- **WORK INSTRUCTION**
The reply should reproduce every line of the data below word for word, minus any images.

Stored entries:

..............................

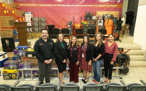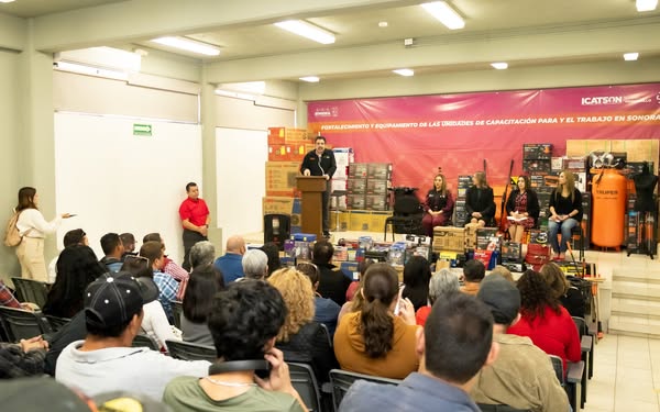 Alfonso Durazo , realizó la entrega de equipamiento y mobiliario en Plantel Hermosillo beneficiando a un gran número de áreas de capacitación, como refrigeración y aire acondicionado, electricidad, confección industrial de ropa, estilismo y diseño de imagen, alimentos y bebidas, diseño y fabricación de muebles de madera, electrónica, mantenimiento electromecánico del automóvil, así como de mantenimiento.
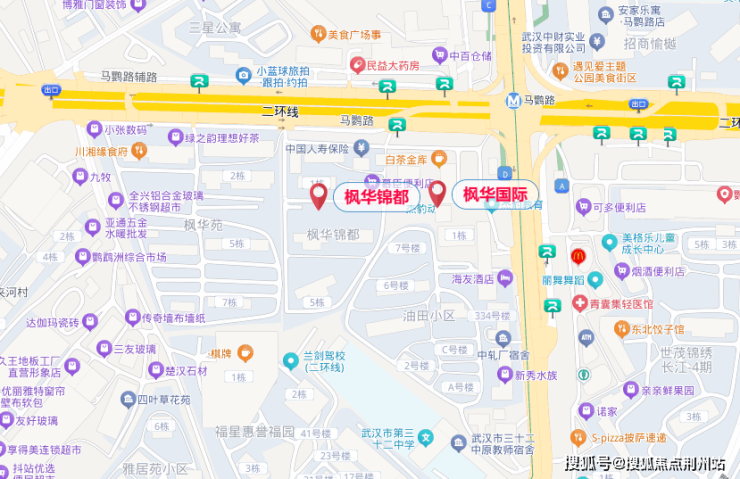 枫华国际共2栋楼,1号楼16层,2号楼44层超高层。出小区就是地铁口,距离小学和初中都有一定距离,坐一站地铁可到小学。
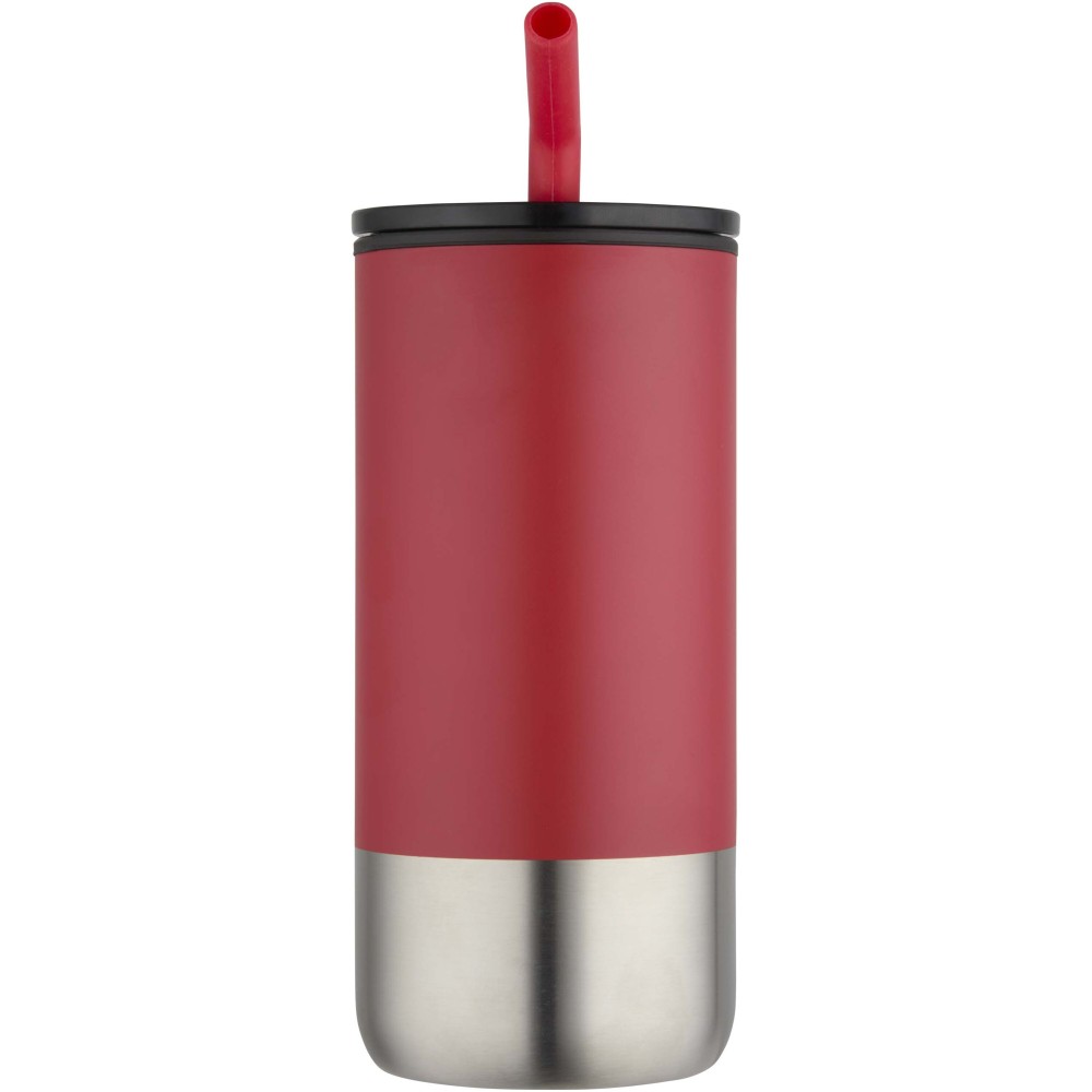 Ez a 480 ml űrtartalmú termoszpohár duplafalú, hőszigetelt kialakítással rendelkezik és egy szilikon véggel ellátott, újrahasznosított rozsdamentes acél szívószál tartozik hozzá a kényelmes használat érdekében. A belső fal PP műanyagból, míg a külső rész RCS tanúsítvánnyal rendelkező, újrahasznosított rozsdamentes acélból készült. A PS és ABS műanyagból készült csúsztatható fedél, valamint a matt külső bevonat elegáns megjelenést kölcsönöz a terméknek.
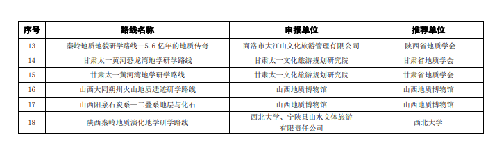 437bwin必赢国际官网申报的“陕西秦岭地质演化地学研学路线”获批精品地学研学路线
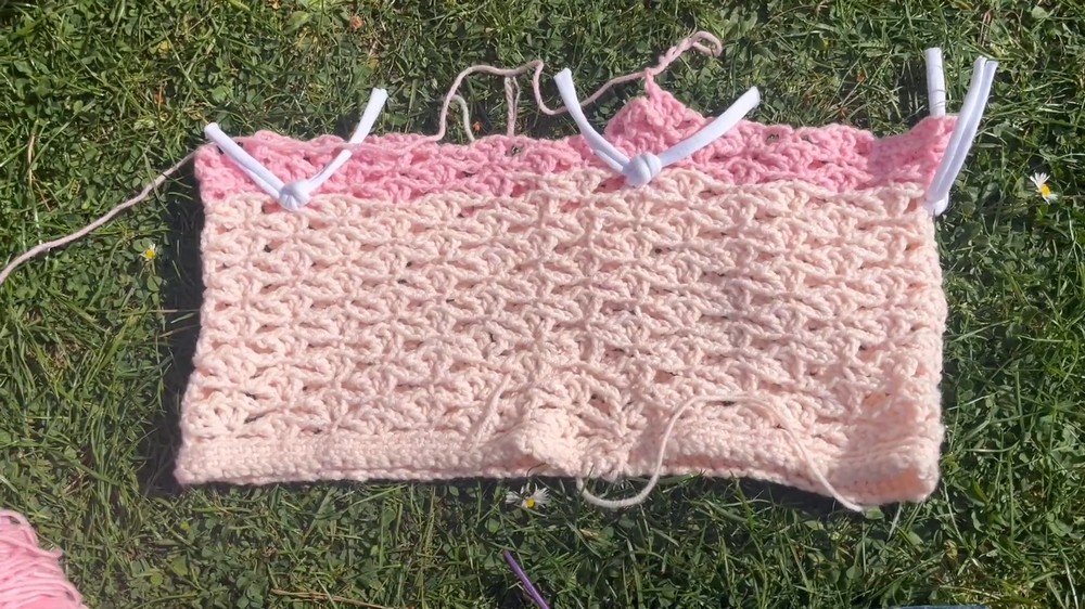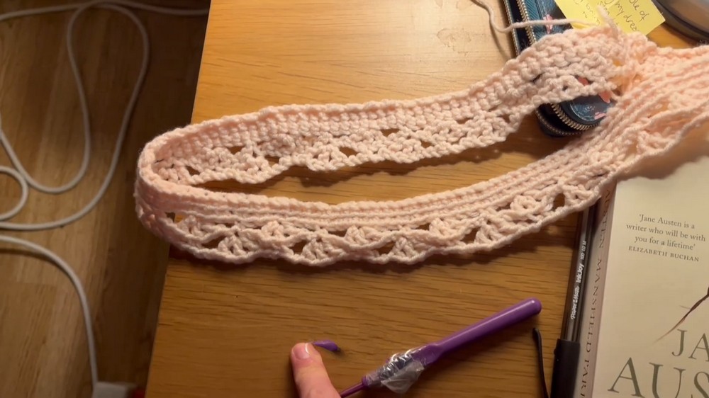 Once that’s ready, switch to the lace shell stitch for the main body. This stitch combines single and double crochet techniques to create a textured, fan-like pattern. The key is to alternate between shell stitches and single stitches, forming a consistent and attractive design.

..............................

- **OUTPUT OF THE EXERCISE**
 Alfonso Durazo , realizó la entrega de equipamiento y mobiliario en Plantel Hermosillo beneficiando a un gran número de áreas de capacitación, como refrigeración y aire acondicionado, electricidad, confección industrial de ropa, estilismo y diseño de imagen, alimentos y bebidas, diseño y fabricación de muebles de madera, electrónica, mantenimiento electromecánico del automóvil, así como de mantenimiento.
 枫华国际共2栋楼,1号楼16层,2号楼44层超高层。出小区就是地铁口,距离小学和初中都有一定距离,坐一站地铁可到小学。
 Ez a 480 ml űrtartalmú termoszpohár duplafalú, hőszigetelt kialakítással rendelkezik és egy szilikon véggel ellátott, újrahasznosított rozsdamentes acél szívószál tartozik hozzá a kényelmes használat érdekében. A belső fal PP műanyagból, míg a külső rész RCS tanúsítvánnyal rendelkező, újrahasznosított rozsdamentes acélból készült. A PS és ABS műanyagból készült csúsztatható fedél, valamint a matt külső bevonat elegáns megjelenést kölcsönöz a terméknek.
 437bwin必赢国际官网申报的“陕西秦岭地质演化地学研学路线”获批精品地学研学路线
 Once that’s ready, switch to the lace shell stitch for the main body. This stitch combines single and double crochet techniques to create a textured, fan-like pattern. The key is to alternate between shell stitches and single stitches, forming a consistent and attractive design.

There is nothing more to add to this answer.